Ghillie suits

Beowulf

Well-Known Member
#1
Hi all,
Does anyone here use a ghillie suit? Most people I ask get funny about the subject and say things like 'why do you want one, thinking of becoming a friggin sniper'!
In fact no! But ghillie suits owe their existance to the Scottish Ghillies who wore them for stalking and anti poaching operations. Some of these ghillies went on to serve in the 'Lovats Scouts' and put these suits and their stalking skills to good use in the First World War as these Highland gentlemen made excellent snipers and intelligence gatherers.

So history lesson out of the way, does anyone use one and are they any good?
 

JAYB

Administrator
Site Staff
#2
Mr B,

I have never used one or know anyone that has used one for stalking, but I did read an article once where a stalker wearing one reckoned he walked across an open field to within 20 yards of a group of grazing deer. Naturally he walked slowly, that is the extent of my knowledge of them I am afraid, nothing first hand.

John
 

Drew

Well-Known Member
#3
Never used one but I've watched marines near where we used to live in Devon. Amazing.

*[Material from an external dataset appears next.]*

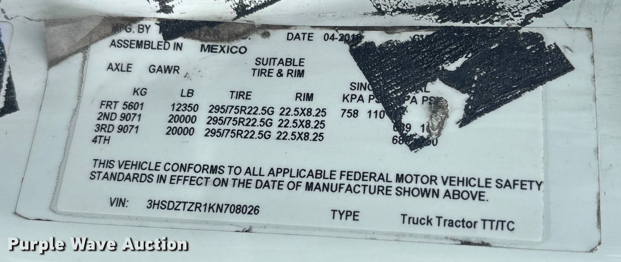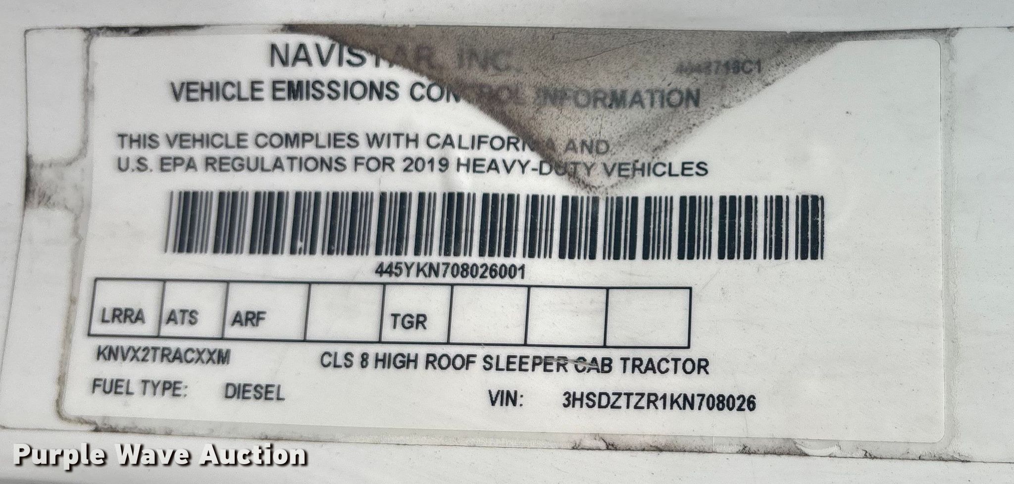 - VIN: 3HSDZTZR1KN708026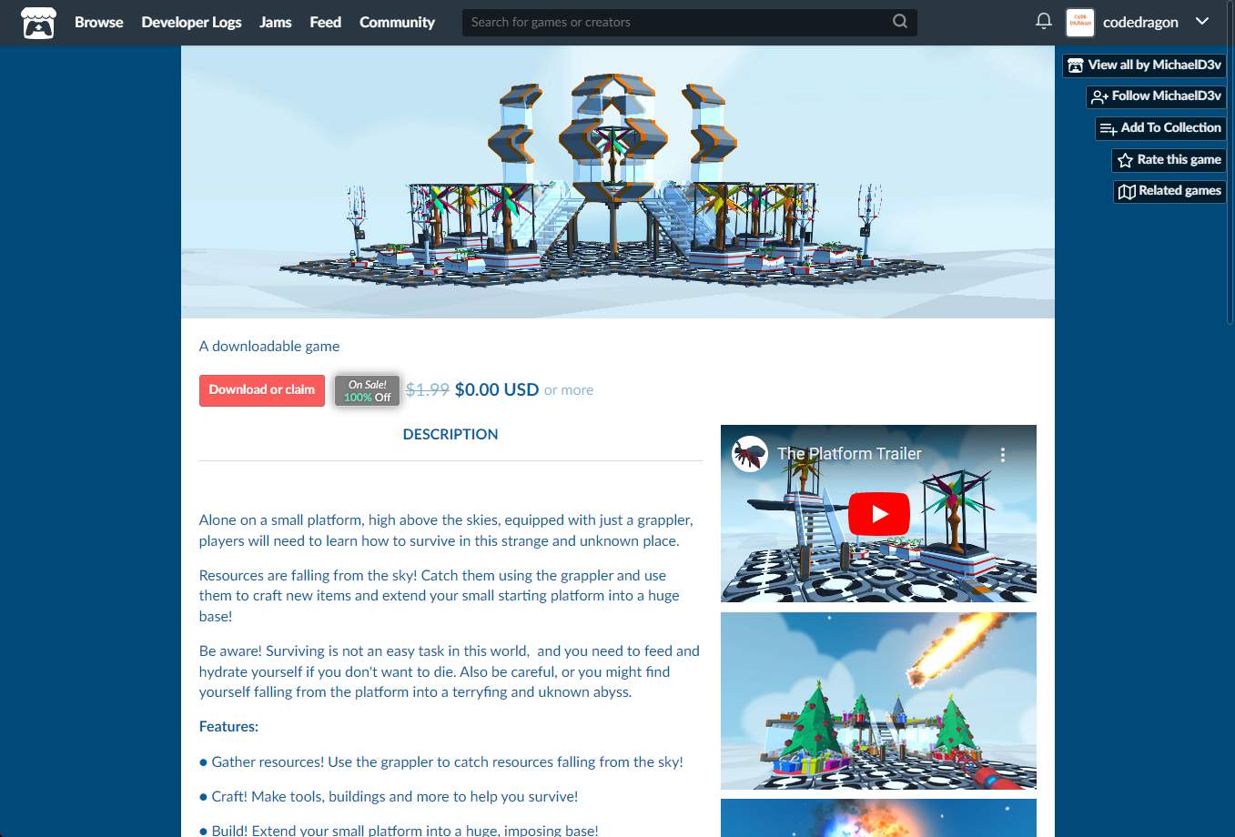 해당 페이지에 있는 [Download] 버튼을 클릭하면 "The Platform" 게임의 설치파일을 다운받을 수 있습니다.

If you want a good price on a ready made one give me a pm, I can get hold of them.
 
S

ssgpiv

Guest
#4
Hi B.

I have one but tend to only wear the top. The one I have is similar to http://www.surplusandoutdoors.com/ishop/877/shopscr3202.html this. Its light, I tend to wear it simply as a lightweight jacket rather than for concealment. One major problem is that I find that it can get hooked up on the bolt or worse the bipod. I deliberately bought one that was not too heavily covered with material, but still have a problem. I think it works quite well. I am not sure it has any real advantages over a normal shootong jacket but in the summer I do find it very handy.
 

MarkH

Well-Known Member
#5
Hi B

I managed to walk within 30m of grazing roe in a high viz vest (yes I was wearing other clothes :oops: )
I hope you are not ghilling up to take out those mountain bikers :evil: :evil:
 

Beowulf

Well-Known Member
#6
Hi Mark,
The ground that I stalk is rather small and requires that I get into position and wait for light. I use a high seat or just sit under a tree. The muntjac can appear from anywhere. If I decide to move all I see is munties running in all directions! Its not like I can go to the other end of the ground and stalk somewhere else! I have a good number of muntjac but no room for error on a stalk. I'm thinking that at least with the use of a ghillie suit I can sit out in the open fields but still remain concealed.
As for the moutain bikes, I wait until I know there will be people about and then walk around the edge of the land permission. As I encounter mountain bikes, ramblers and joggers I politely say hello but offer no reason why I have a rifle slung over my shoulder. I'm purposeful but polite and always smile. The thing is they don't like it! So far though they seem to be getting the message. 8)
 

Beowulf

Well-Known Member
#8
Hi Pete,
My research comes from two sources:- 'OUT OF NOWHERE' A History of The Military Sniper by Martin Pegler published by Osprey. The reference to the ghillie suit is on page 129 under the heading 'THE LOVAT EFFECT'.
The other source is the Regiments historical website. Although the use of camouflage suits is recorded by George Catlin in his books about the American Native Indians nearly a century earlier. I think that this is not a new invention and would have been used all around the world at different times in history.
My interest in this subject is from its development as a military item and its subsequent use by modern day hunters.
 

MarkH

Well-Known Member
#9
Your other option is to make a snipers net. you can buy the basic olive drab cotton net from army surplus and its about 4' square. Add some loops and other bits of burlap, sacking cam net, grass leaves etc.
Once in a good shooting position unroll the net and wrap yourself up in it, it should be enough to breakup your outline and handy to pack up so you dont look to 'military' as you move to and from the layup point.
Here's a link
http://www.rifle-cases.co.uk/Ghillie-Suits.asp

Mark
 

Beowulf

Well-Known Member
#10
Cheers Mark,
This is a good idea! I would rather have something that I could carry about, deploy and roll up again without having to walk around looking like a Dr Who villian. Thanks I'll give it a try.
 

Beowulf

Well-Known Member
#12
Personally Pete I don't care what the origins are of the ghillie suit and don't feel that I need to defend the history books. If your 'beef' is that my information is incorrect, I say 'so what' is everything on this site 100% correct.
The belief is that the ghillie suit comes from the Highland Ghillie thats good enough for most people. What will disproving it do? Nothing it alters nothing.
I've got the information I require, this thread has served its purpose 'job done'.
 

Beowulf

Well-Known Member
#14
Pete,
Good luck with your search. I think there was some mention of a ghillie suit in a 'London Illustrated Post' article. I don't know which one. I collect Victorian deer stalking prints and came across it.

Apart from the ghillie meaning 'boy' in the gaelic language. The Irish have legends of fairey folk called 'Ghillie Dhu'. They are discribed as covered in twigs and leaves and were tree guardians.